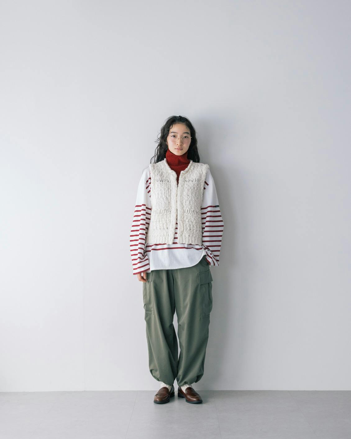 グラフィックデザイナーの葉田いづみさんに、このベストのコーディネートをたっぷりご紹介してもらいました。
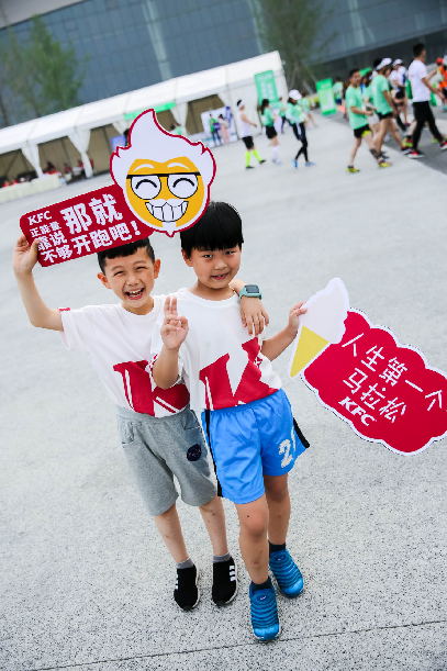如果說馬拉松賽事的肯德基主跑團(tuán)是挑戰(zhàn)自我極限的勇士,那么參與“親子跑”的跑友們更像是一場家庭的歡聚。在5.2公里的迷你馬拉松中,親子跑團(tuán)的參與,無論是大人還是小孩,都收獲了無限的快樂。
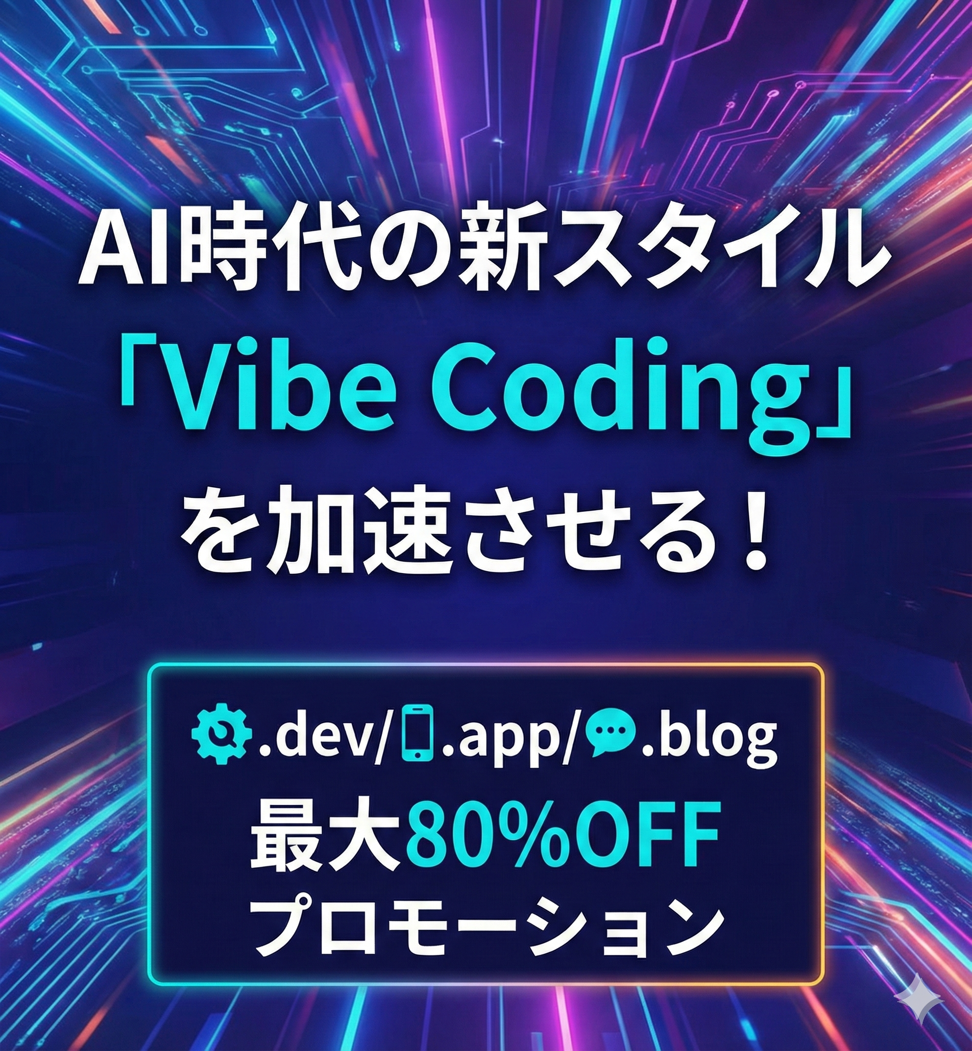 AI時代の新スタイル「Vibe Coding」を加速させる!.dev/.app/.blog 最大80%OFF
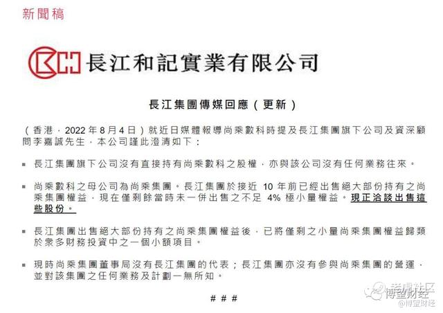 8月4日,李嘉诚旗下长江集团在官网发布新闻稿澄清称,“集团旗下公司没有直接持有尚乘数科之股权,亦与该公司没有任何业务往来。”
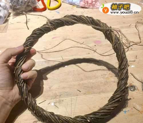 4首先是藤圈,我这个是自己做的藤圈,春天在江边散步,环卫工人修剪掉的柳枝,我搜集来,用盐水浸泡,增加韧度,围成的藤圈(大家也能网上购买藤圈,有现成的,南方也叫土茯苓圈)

_Work order_
Extract every line of the data exactly; pictures stay out.

_Result of the task_
 グラフィックデザイナーの葉田いづみさんに、このベストのコーディネートをたっぷりご紹介してもらいました。
如果說馬拉松賽事的肯德基主跑團(tuán)是挑戰(zhàn)自我極限的勇士,那么參與“親子跑”的跑友們更像是一場家庭的歡聚。在5.2公里的迷你馬拉松中,親子跑團(tuán)的參與,無論是大人還是小孩,都收獲了無限的快樂。
 AI時代の新スタイル「Vibe Coding」を加速させる!.dev/.app/.blog 最大80%OFF
 8月4日,李嘉诚旗下长江集团在官网发布新闻稿澄清称,“集团旗下公司没有直接持有尚乘数科之股权,亦与该公司没有任何业务往来。”
 4首先是藤圈,我这个是自己做的藤圈,春天在江边散步,环卫工人修剪掉的柳枝,我搜集来,用盐水浸泡,增加韧度,围成的藤圈(大家也能网上购买藤圈,有现成的,南方也叫土茯苓圈)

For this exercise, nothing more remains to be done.